The main challenge is to inject some code at the appropriate point in the application lifecycle. Specifically, we need to do it after the bootstrap.yml PropertySource is added to the environment (so that we can inject our custom PropertySource in the correct order relative to it), but also before the application starts configuring beans (as our config values control behavior).

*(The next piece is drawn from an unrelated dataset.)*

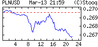 | wto, 20 sty 2026, 9:37 CET, NY 3:37, Londyn 8:37, Tokio 17:37, WIG20 -1.15% | Ogólnie: Polish Zloty / U.S. Dollar (PLNUSD) | | 20 sty, 9:37 0.276998 +0.001264 (+0.46%) |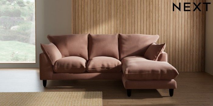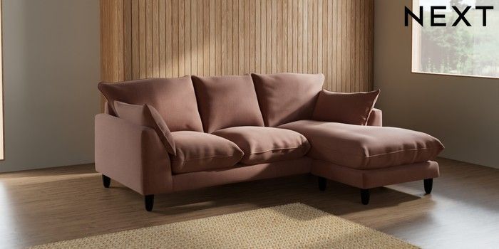 7.2.10 Noa Deep Relaxed Sit Small Sofa Chaise - Universal Relaxed Linen Look Light Rust Brown High Leg - Dark | Made Click here to use our website with more accessibility support, for example screen readers

The solution I found was to use a custom EnvironmentPostProcessor

public class CloudyConfigEnvironmentPostProcessor implements EnvironmentPostProcessor, Ordered {

    private YamlPropertySourceLoader loader;

    public CloudyConfigEnvironmentPostProcessor() {
        loader = new YamlPropertySourceLoader();
    }

    @Override
    public void postProcessEnvironment(ConfigurableEnvironment env, SpringApplication application) {
        //ensure that the bootstrap file is only loaded in the bootstrap context
        if (env.getPropertySources().contains("bootstrap")) {
            //Each document in the multi-document yaml must be loaded separately.
            //Start by loading the no-profile configs...
            loadProfile("cloudy-bootstrap", env, null);
            //Then loop through the active profiles and load them.
            for (String profile: env.getActiveProfiles()) {
                loadProfile("cloudy-bootstrap", env, profile);
            }
        }
    }

    private void loadProfile(String prefix, ConfigurableEnvironment env, String profile) {
        try {
            PropertySource<?> propertySource = loader.load(prefix + (profile != null ? "-" + profile: ""), new ClassPathResource(prefix + ".yml"), profile);
            //propertySource will be null if the profile isn't represented in the yml, so skip it if this is the case.
            if (propertySource != null) {
                //add PropertySource after the "applicationConfigurationProperties" source to allow the default yml to override these.
                env.getPropertySources().addAfter("applicationConfigurationProperties", propertySource);
            }
        } catch (IOException e) {
            throw new RuntimeException(e);
        }
    }

    @Override
    public int getOrder() {
        //must go after ConfigFileApplicationListener
        return Ordered.HIGHEST_PRECEDENCE + 11;
    }

}

This custom EnvironmentPostProcessor can be injected via META-INF/spring.factories:

#Environment PostProcessors
org.springframework.boot.env.EnvironmentPostProcessor=\
com.mycompany.cloudy.bootstrap.autoconfig.CloudyConfigEnvironmentPostProcessor

A couple things to note:

  • The YamlPropertySourceLoader loads yaml properties by profile, so if you are using a multi-document yaml file you need to actually load each profile from it separately, including the no-profile configs.
  • ConfigFileApplicationListener is the EnvironmentPostProcessor responsible for loading bootstrap.yml (or application.yml for the regular context) into the Environment, so in order to position the custom yaml properties correctly relative to the bootstrap.yml properties precedence-wise, you need to order your custom EnvironmentPostProcessor after ConfigFileApplicationListener.

Edit: My initial answer did not work. I'm replacing it with this one, which does.